§ Aim of the task:
Copy, please, the line with "支えられながら紙やすりで面取りをする体験者" and each line that follows it through the end of the data below, exactly as given and without pictures.

§ Study material:
----

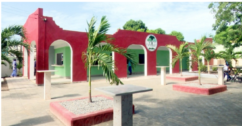
Cafetería Soda Libre.
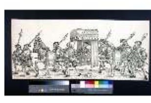
ND.IV,G, Einzug d. Kurfürsten Ottheinrich in der Sänfte, DE001136, BSV
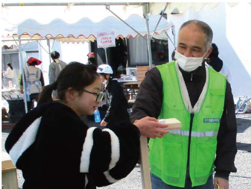
支えられながら紙やすりで面取りをする体験者
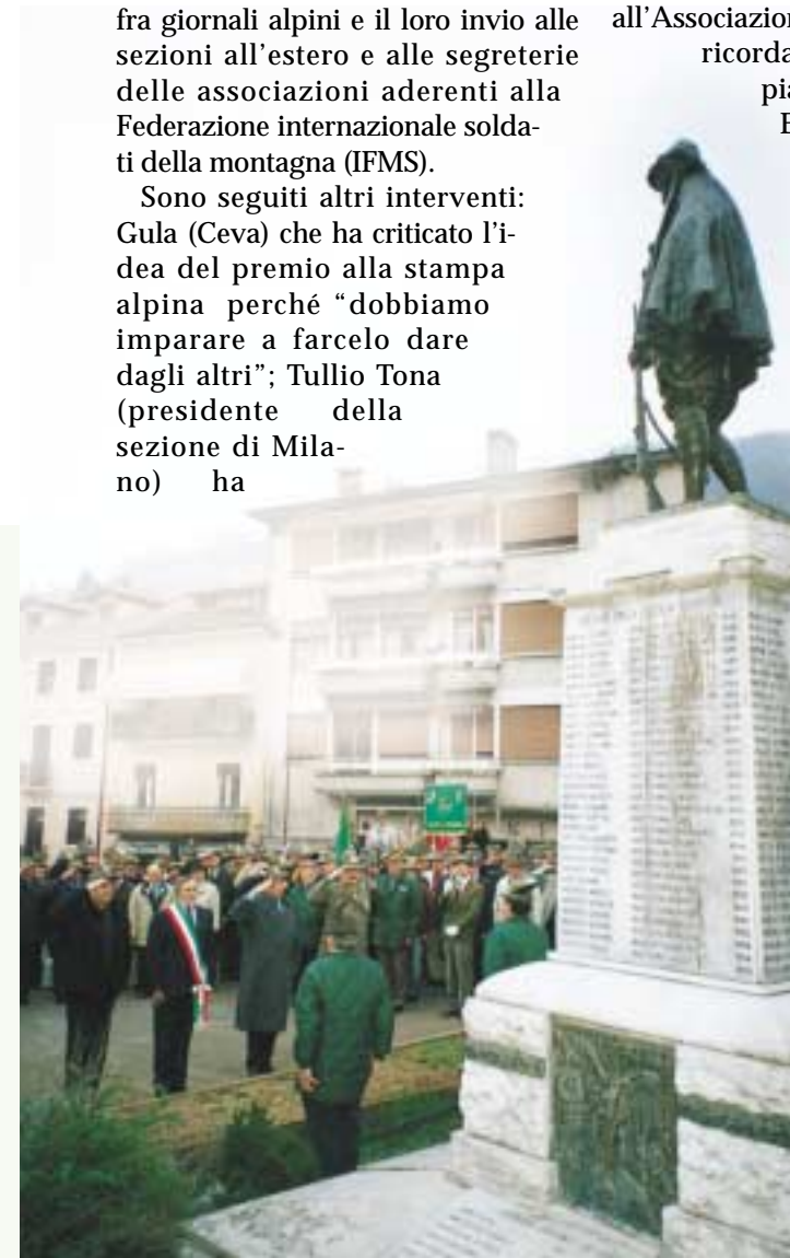
La deposizione della corona di fiori al monumento ai Caduti.

Parafrasando Beaumarchais nel suo "Barbiere di Siviglia", dobbiamo dire: "Comunicare, comunicare, qualche cosa resterà...".

----

§ Exercise response:
支えられながら紙やすりで面取りをする体験者
La deposizione della corona di fiori al monumento ai Caduti.

Parafrasando Beaumarchais nel suo "Barbiere di Siviglia", dobbiamo dire: "Comunicare, comunicare, qualche cosa resterà...".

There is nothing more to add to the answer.